TASK BRIEF -
Write the listing below out again exactly, dropping the images.

RAW DATA -
--------------------------------

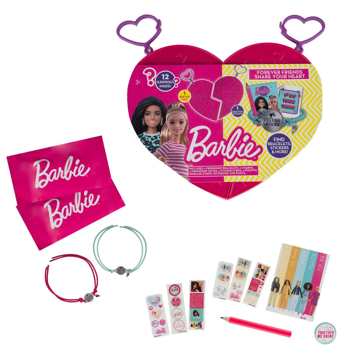 مجموعة ميداليات باربي فوريفر فريندز شاركي قلبك هي الطريقة المثالية لإظهار مدى اهتمامك بصديقتك المفضلة! تتضمن هذه المجموعة 12 مفاجأة، كل منها رمز للحب والصداقة، مما يجعلها هدية مثالية لصديقتك المفضلة. تحتوي الميدالية على جانبين، واحد لك والآخر لصديقتك المفضلة، مما يعني أنه يمكنكما إبقاء بعضكما البعض بالقرب من قلوبكما في جميع الأوقات. بفضل التصميم الأنيق والراقي، من المؤكد أن هذه الميدالية ستصبح عنصرًا عزيزًا في مجموعتك. , , يرجى ملاحظة: قد تختلف أنماط ولون العنصر المستلم حسب التوافر،
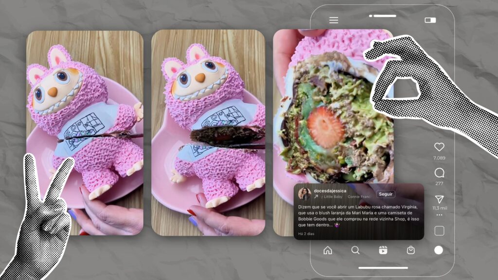 O mesmo padrão se aplica ao morango do amor, uma releitura da maçã do amor com morangos frescos e calda de caramelo, que viralizou no Brasil. Os vídeos com a receita acumulam milhões de visualizações e aparecem tanto em perfis de confeiteiras profissionais quanto de vendedoras iniciantes. A estética é vibrante, a execução é simples e o impacto visual é imediato. Mas o que explica a adesão massiva não é a beleza do doce, é a possibilidade de transformar aquilo em fonte de renda, gesto de cuidado, memória afetiva ou tudo isso ao mesmo tempo. Criadoras relataram aumento de vendas, quitação de dívidas e acolhimento emocional por meio do conteúdo. A viralização não é só estética, é também sobrevivência.
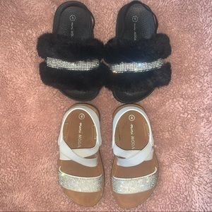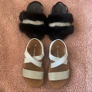 almost like new !each worn only once or twice ! BLACK FURRY SLIDES: size 5 WHITE GLITTER SANDLES: size 4

--------------------------------

EXERCISE OUTPUT -
 مجموعة ميداليات باربي فوريفر فريندز شاركي قلبك هي الطريقة المثالية لإظهار مدى اهتمامك بصديقتك المفضلة! تتضمن هذه المجموعة 12 مفاجأة، كل منها رمز للحب والصداقة، مما يجعلها هدية مثالية لصديقتك المفضلة. تحتوي الميدالية على جانبين، واحد لك والآخر لصديقتك المفضلة، مما يعني أنه يمكنكما إبقاء بعضكما البعض بالقرب من قلوبكما في جميع الأوقات. بفضل التصميم الأنيق والراقي، من المؤكد أن هذه الميدالية ستصبح عنصرًا عزيزًا في مجموعتك. , , يرجى ملاحظة: قد تختلف أنماط ولون العنصر المستلم حسب التوافر،
 O mesmo padrão se aplica ao morango do amor, uma releitura da maçã do amor com morangos frescos e calda de caramelo, que viralizou no Brasil. Os vídeos com a receita acumulam milhões de visualizações e aparecem tanto em perfis de confeiteiras profissionais quanto de vendedoras iniciantes. A estética é vibrante, a execução é simples e o impacto visual é imediato. Mas o que explica a adesão massiva não é a beleza do doce, é a possibilidade de transformar aquilo em fonte de renda, gesto de cuidado, memória afetiva ou tudo isso ao mesmo tempo. Criadoras relataram aumento de vendas, quitação de dívidas e acolhimento emocional por meio do conteúdo. A viralização não é só estética, é também sobrevivência.
 almost like new !each worn only once or twice ! BLACK FURRY SLIDES: size 5 WHITE GLITTER SANDLES: size 4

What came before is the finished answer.